◆ **PROVIDED DATA**:
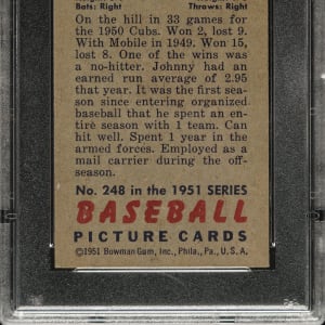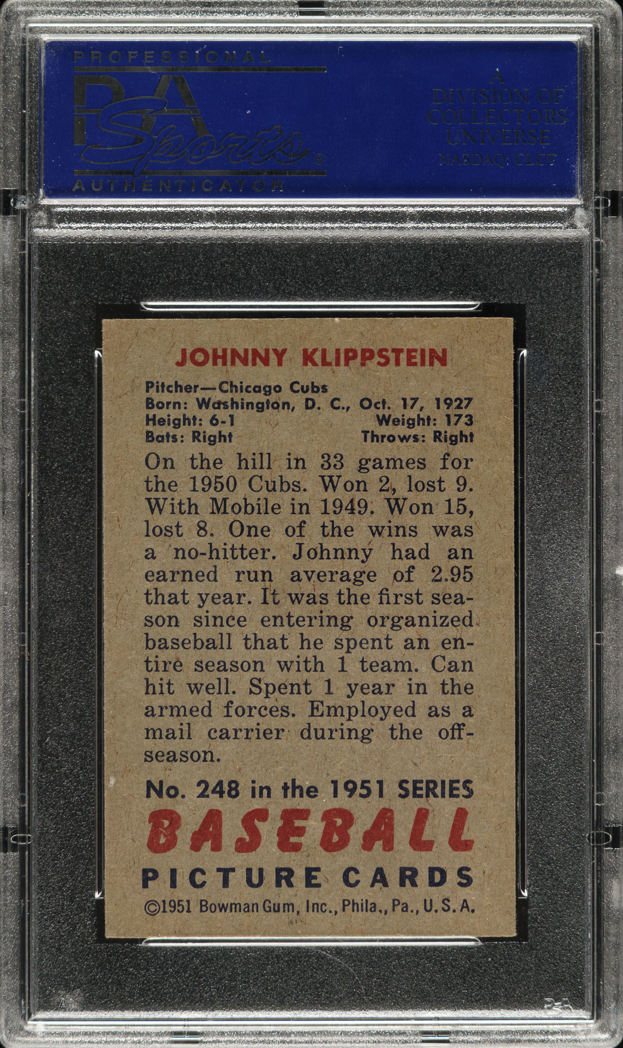 Lot # 2455: 1951 Bowman #248 Johnny Klippstein PSA NM-MT 8
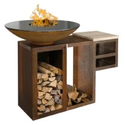 Das PIO 100 Premiummodell besteht aus einem gradlinigen geschlossenen oder offenen Sockel mit Holzlager, einer elegant geformte Feuerschale mit Plancha (Grillplatte) sowie einem seitlichen Anhang welcher Platz zum Ablegen von Grillzange und Grillgut auf unserem hochwertigen Schneidebrett bietet. Außerdem hat das Premium-Modell auch schon den wunderbaren TopGrill inklusive.
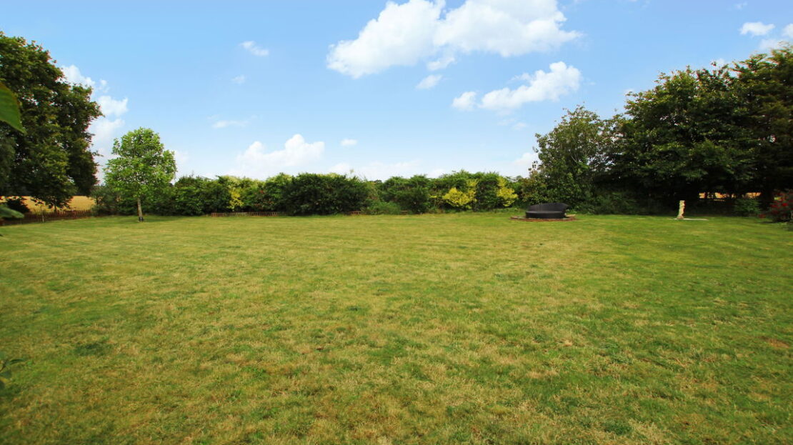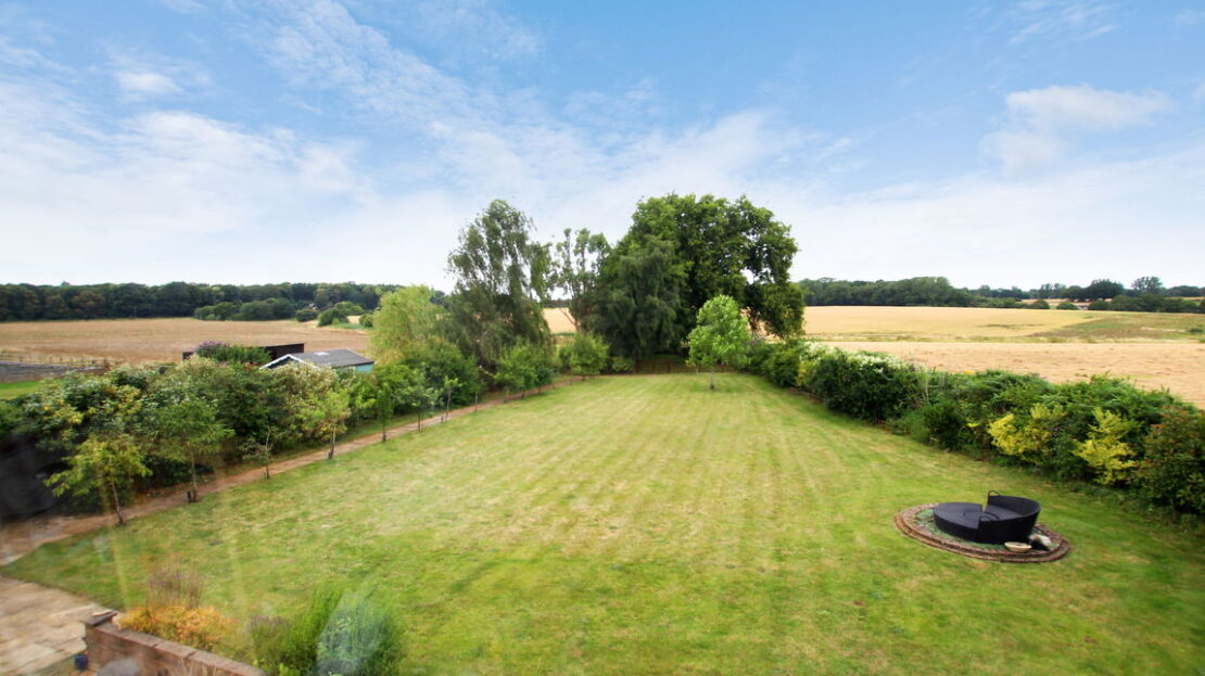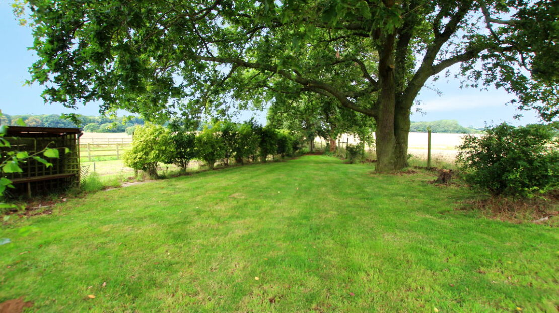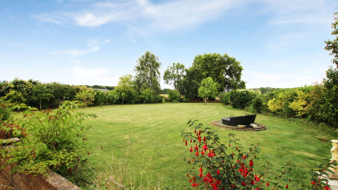 A stunning lawned generous garden, mainly laid to lawn with panoramic rear views across open neighbouring farmland and fields.

◆ **TASK ITEM**: Print exactly, and only, the lines from the one with "Das PIO 100" through the last line of the listing above. No pictures belong in the copy.

◆ **SOLUTION TO THE PROBLEM**:
 Das PIO 100 Premiummodell besteht aus einem gradlinigen geschlossenen oder offenen Sockel mit Holzlager, einer elegant geformte Feuerschale mit Plancha (Grillplatte) sowie einem seitlichen Anhang welcher Platz zum Ablegen von Grillzange und Grillgut auf unserem hochwertigen Schneidebrett bietet. Außerdem hat das Premium-Modell auch schon den wunderbaren TopGrill inklusive.
 A stunning lawned generous garden, mainly laid to lawn with panoramic rear views across open neighbouring farmland and fields.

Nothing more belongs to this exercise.